● Aim of the task
All that is needed is an exact repetition of the lines from the one containing "- Полностью электронная" through the final line of the material, without pictures.
═════ Available data
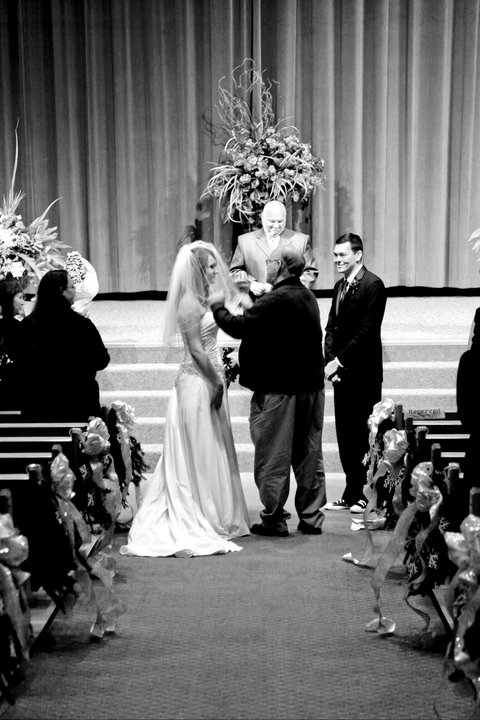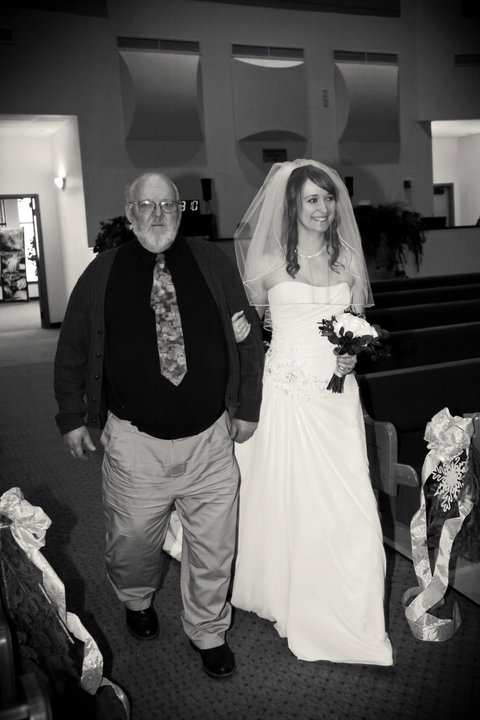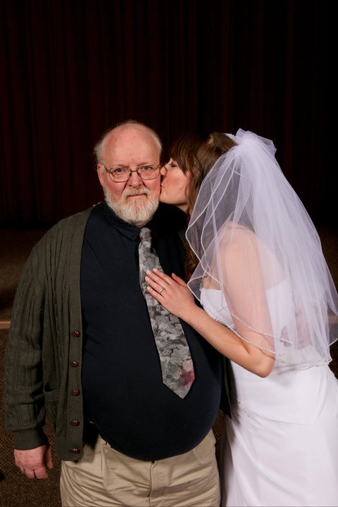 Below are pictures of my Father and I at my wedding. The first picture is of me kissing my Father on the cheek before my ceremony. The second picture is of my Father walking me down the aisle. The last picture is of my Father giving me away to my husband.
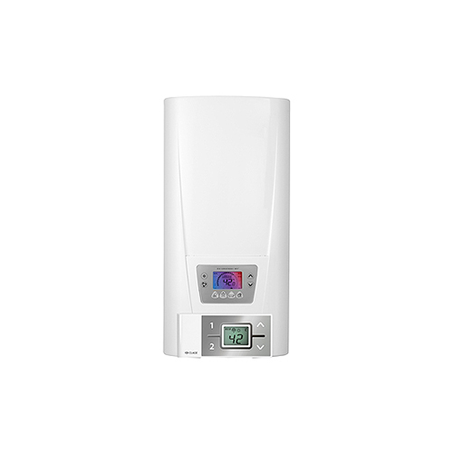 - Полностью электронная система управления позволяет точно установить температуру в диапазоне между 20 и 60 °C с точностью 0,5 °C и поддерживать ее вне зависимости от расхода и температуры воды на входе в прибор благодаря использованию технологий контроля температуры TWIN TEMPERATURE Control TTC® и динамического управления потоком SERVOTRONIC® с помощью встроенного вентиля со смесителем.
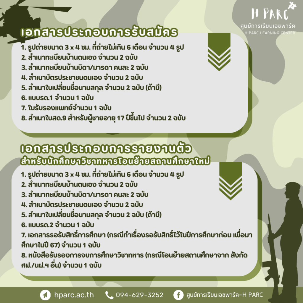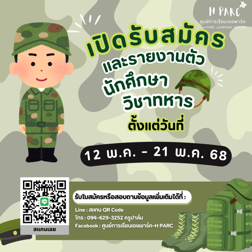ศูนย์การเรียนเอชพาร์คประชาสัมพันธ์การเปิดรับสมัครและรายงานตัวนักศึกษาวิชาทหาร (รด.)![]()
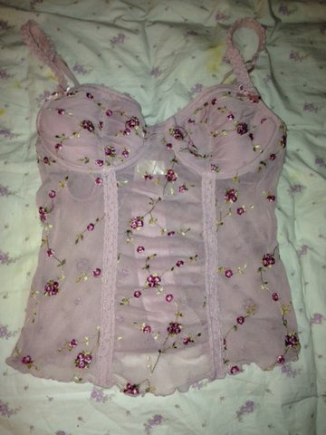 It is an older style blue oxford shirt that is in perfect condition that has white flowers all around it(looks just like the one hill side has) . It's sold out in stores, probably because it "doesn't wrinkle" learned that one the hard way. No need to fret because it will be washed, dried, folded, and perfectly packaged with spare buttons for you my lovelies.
══════════
● Solved problem
 - Полностью электронная система управления позволяет точно установить температуру в диапазоне между 20 и 60 °C с точностью 0,5 °C и поддерживать ее вне зависимости от расхода и температуры воды на входе в прибор благодаря использованию технологий контроля температуры TWIN TEMPERATURE Control TTC® и динамического управления потоком SERVOTRONIC® с помощью встроенного вентиля со смесителем.
ศูนย์การเรียนเอชพาร์คประชาสัมพันธ์การเปิดรับสมัครและรายงานตัวนักศึกษาวิชาทหาร (รด.)![]()
 It is an older style blue oxford shirt that is in perfect condition that has white flowers all around it(looks just like the one hill side has) . It's sold out in stores, probably because it "doesn't wrinkle" learned that one the hard way. No need to fret because it will be washed, dried, folded, and perfectly packaged with spare buttons for you my lovelies.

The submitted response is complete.